XXII is currently trading at half of its all-time-high, performing at a loss over the last three years, and holds a relatively low market capitalization at just over $350 million. While structured around a demanded solution, big players in the tobacco industry still dominates this company. Instead, XXII should focus on brand awareness and expansion. However, entering a new space with a new product has its benefits, and may give 22nd Century the edge to move from a multi-million dollar company to a billion dollar company. The possibility of this could come from capturing 2% of the marijuanamarket in 8 years, adding roughly $1 billion in value to the company. Between the growing marijuana market and the current sales of their healthier cigarettes, a valuation of $1 billion is attainable within five years. With a $1 billion valuation, the adjusted price target would be 8.06 with implied returns of 238.66%
Innovative Industrial Properties, Inc. (IIPR)

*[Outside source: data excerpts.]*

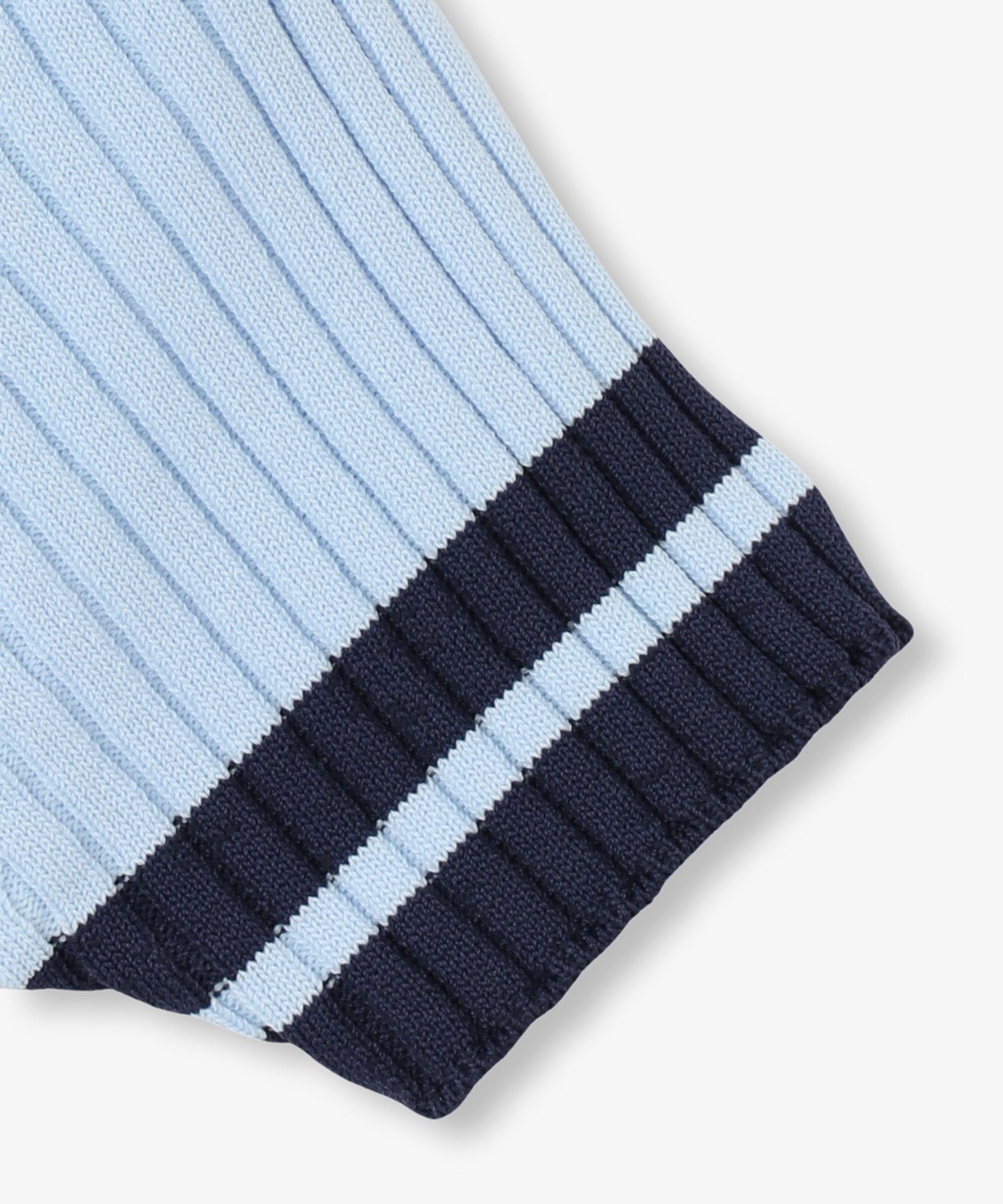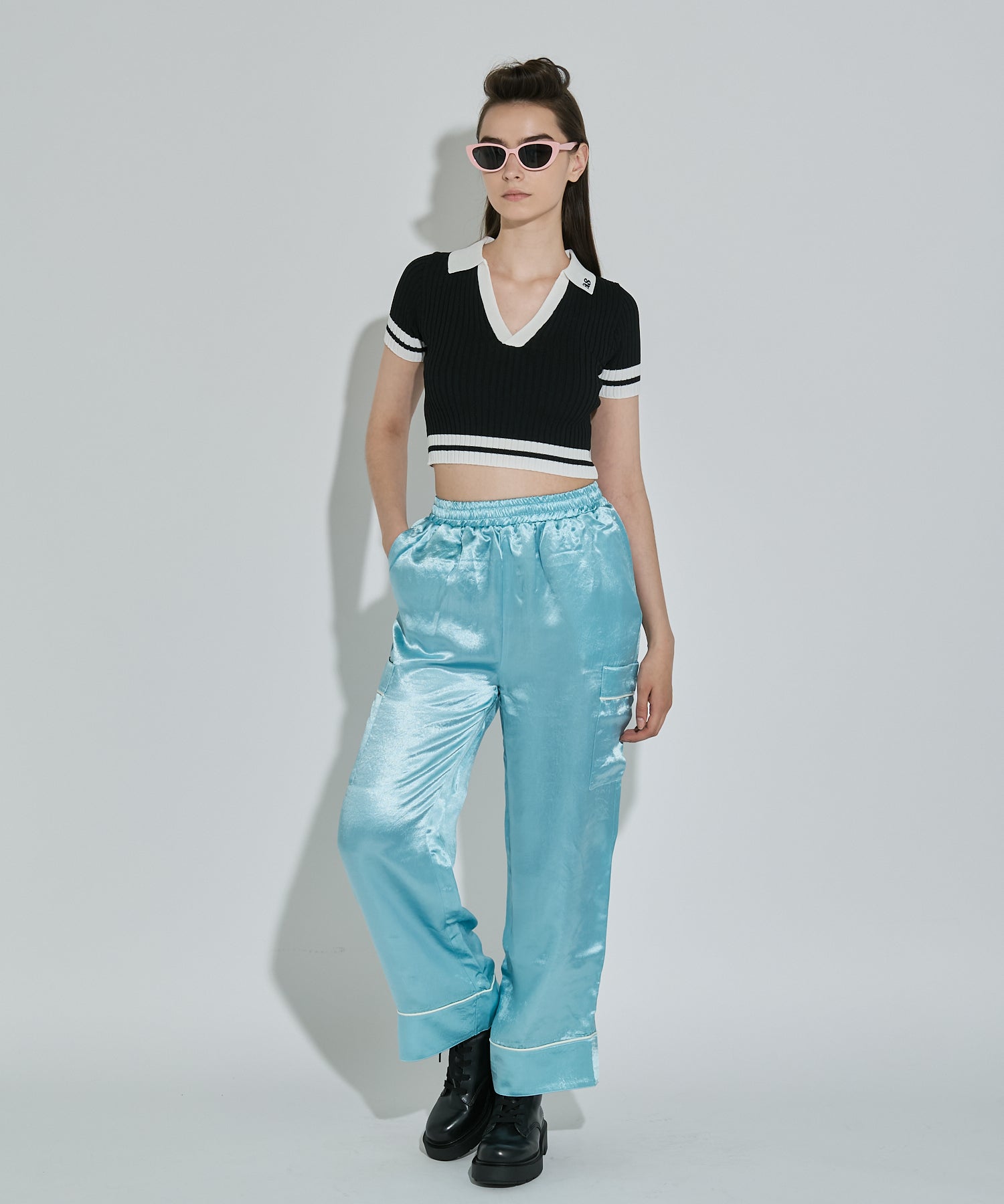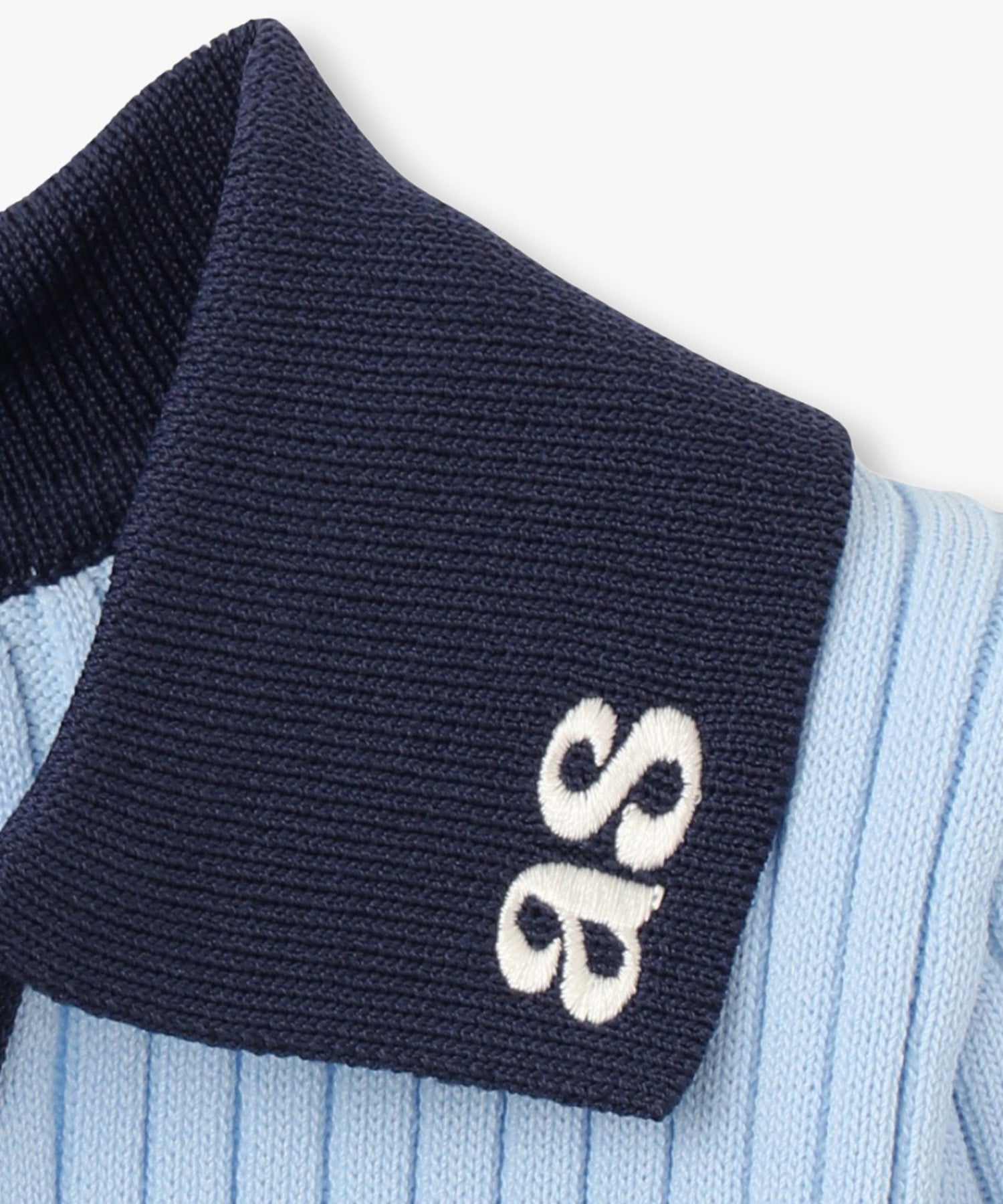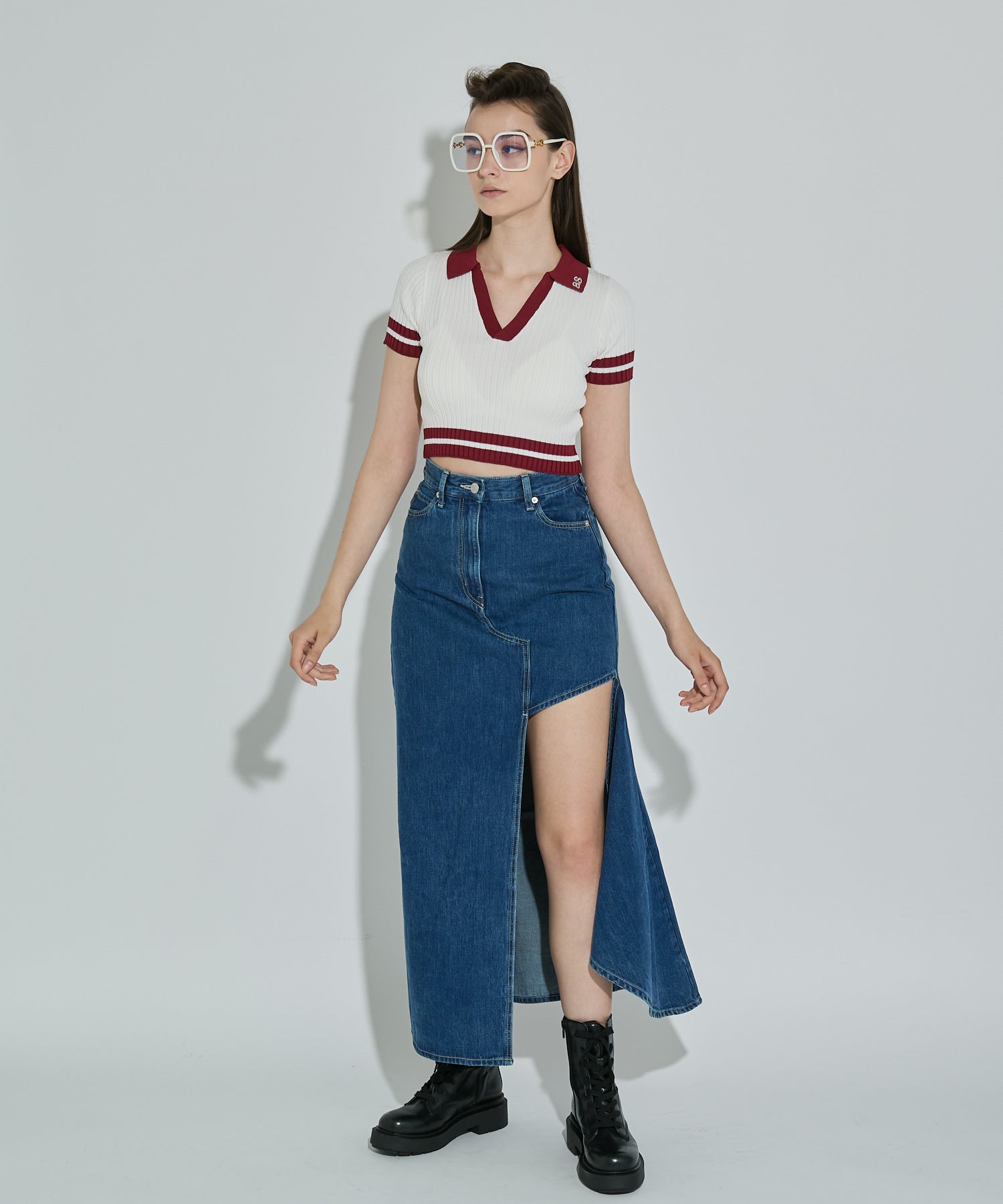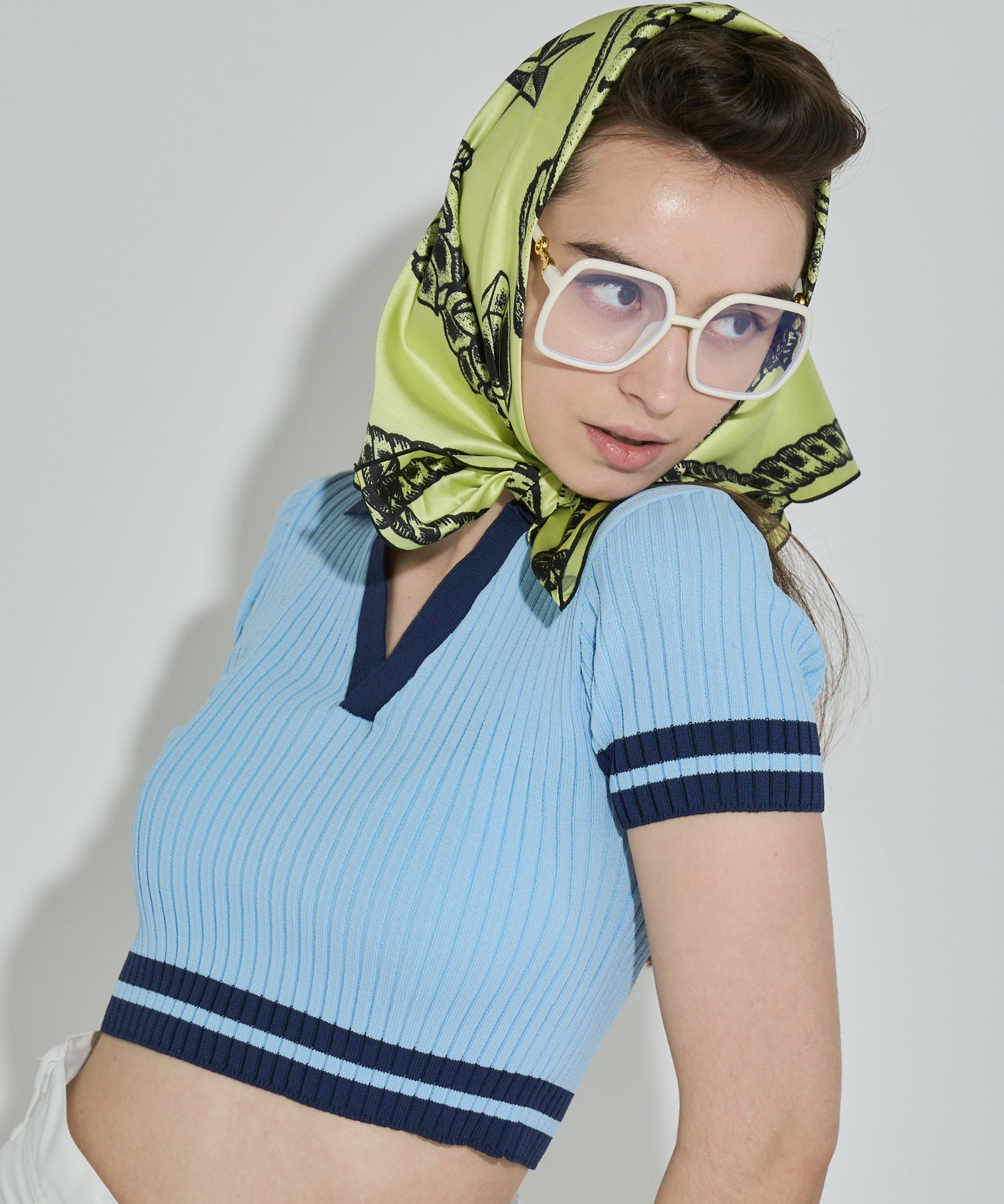 チアリーダーのユニフォームからインスパイアされたコンパクトなサイジングのニットポロシャツ。ラインや衿の配色、さりげないロゴ刺繍など細部までデザインポイントをプラス!大きめに開いたVネックが首元をスッキリと女性らしく見せてくれます。
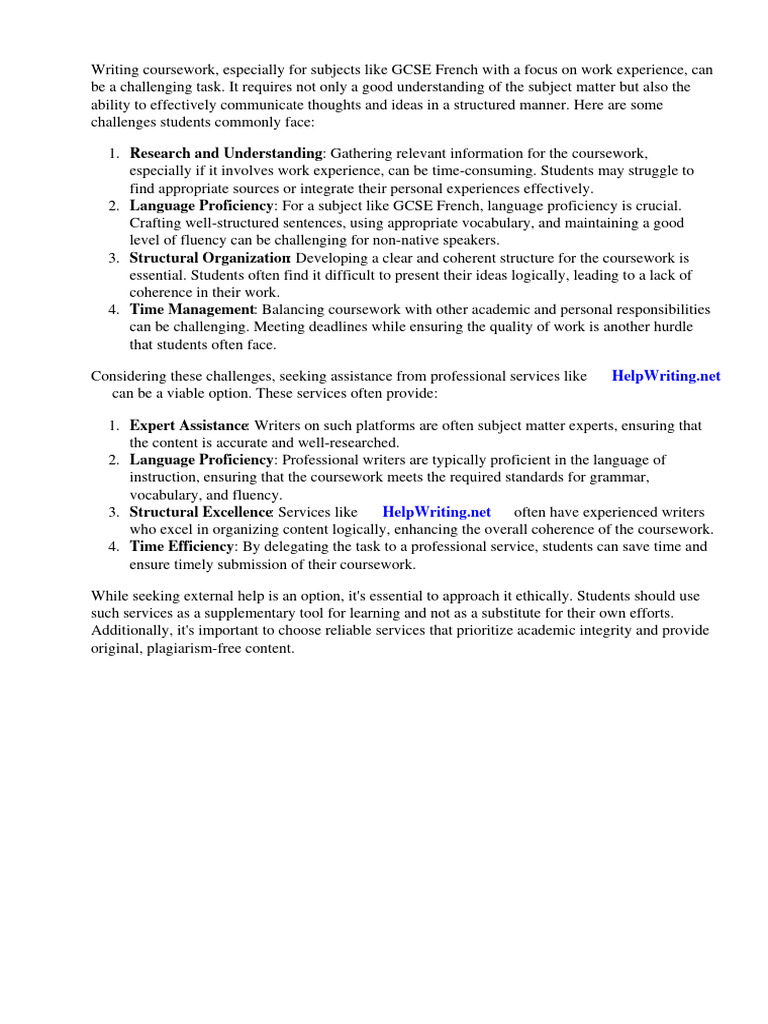 Writing coursework, especially for subjects like GCSE French with a focus on work experience, can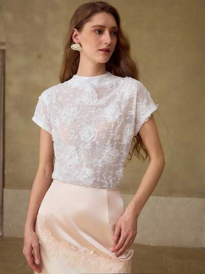Elegante e raffinata maglietta da donna con colletto alla coreana e maniche corte, con ricamo di rose-44%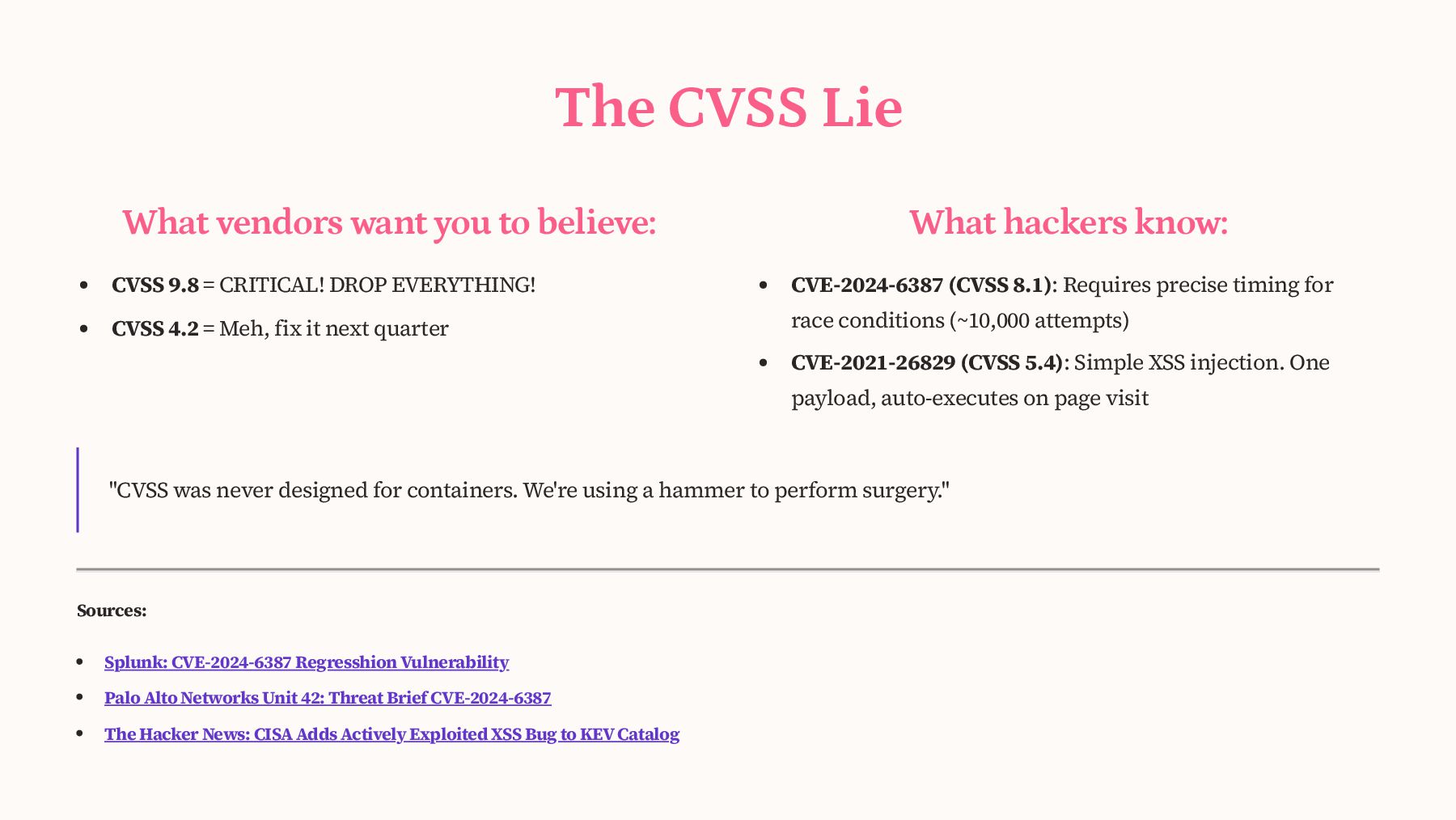 9.8 = CRITICAL! DROP EVERYTHING! CVSS 4.2 = Meh, fix it next quarter What hackers know: CVE-2024-6387 (CVSS 8.1): Requires precise timing for race conditions (~10,000 attempts) CVE-2021-26829 (CVSS 5.4): Simple XSS injection. One payload, auto-executes on page visit "CVSS was never designed for containers. We're using a hammer to perform surgery." Sources: Splunk: CVE-2024-6387 Regresshion Vulnerability Palo Alto Networks Unit 42: Threat Brief CVE-2024-6387 The Hacker News: CISA Adds Actively Exploited XSS Bug to KEV Catalog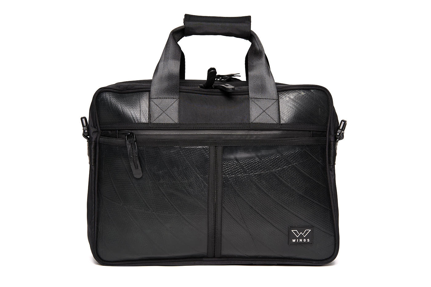 The Elegant Eagle is a handmade laptop bag from upcycled truck inner tubes. It has waterproof zippers and a reinforced bottom. You can safely transport all your electronics, such as a 15” laptop or tablet, and in the many zippered compartments you can store papers, pens, staplers, perforators and other office supplies. The detachable and adjustable shoulder strap is made from an upcycled car belt.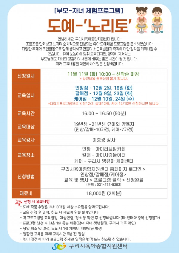 | 교육대상 | 구리시 관내 5~7세 유아와 양육자 | 교육정원 | 10명 (대기자 10명) |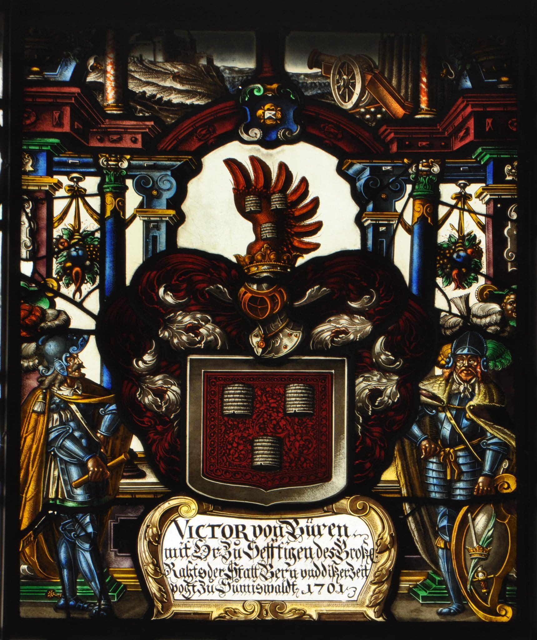 Hasler, R., Keller, S., & Bergmann, U. (2016). Wappenscheibe Johann Karl von Büren. Dans Vitrosearch. Consulté le 5 décembre 2025 de https://www.vitrosearch.ch/objects/2249818.

Innovative Industrial Properties, Inc. has a straightforward business model. While it is currently illegal to get a mortgage from a bank on land with the intent to grow cannabis plants, Innovative Industrial Properties, Inc. buys out land perfectly suitable for growing cannabis and leases them out on 15-year contracts to those wanting to grow (Innovative Industrial Property, 2017). Focusing on expanding the accessibility of medicinal marijuana, they “offer real estate solutions that allow [medicinal-use cannabis cultivators and processors] to focus their resources on reaching as many patients as possible (Innovative Industrial Property, 2017). Recognizing the problem, and coming up with a very stable and lucrative solution, makes this company attractive, and having the mission to expand medicinal marijuana to as many people as possible, draws one towards the management. While the company is relatively small and currently not profitable, I believe they are on track to grow extraordinarily large given their steady business model. As both the industry and their cash flow growth, they will be able to acquire more land and lease it out to more buyers, while becoming an exponentially growing leader in this sector.
As the company has chosen to pay out dividends, I assume the management is confident in their long-term deals. Given their business model revolves around the marijuana industry, we will assume the company’s growth over the years to reflect their market share in the marijuana market. Innovative Industrial Properties, Inc. attempts to be a frontrunner in the real-estate side of marijuana could see a modest 1-2% of market share if becoming large enough in the future. This growth would result in $500 million-$1 billion in added value over the next eight years. Assuming an accelerated growth in the industry, over the next five years we can see $250 million in value added to IIPR. The implied price target and returns would be 67.45 and 120.51% respectively.
The investments suggested do not equate to a guarantee of profits and additional independent research should accompany them.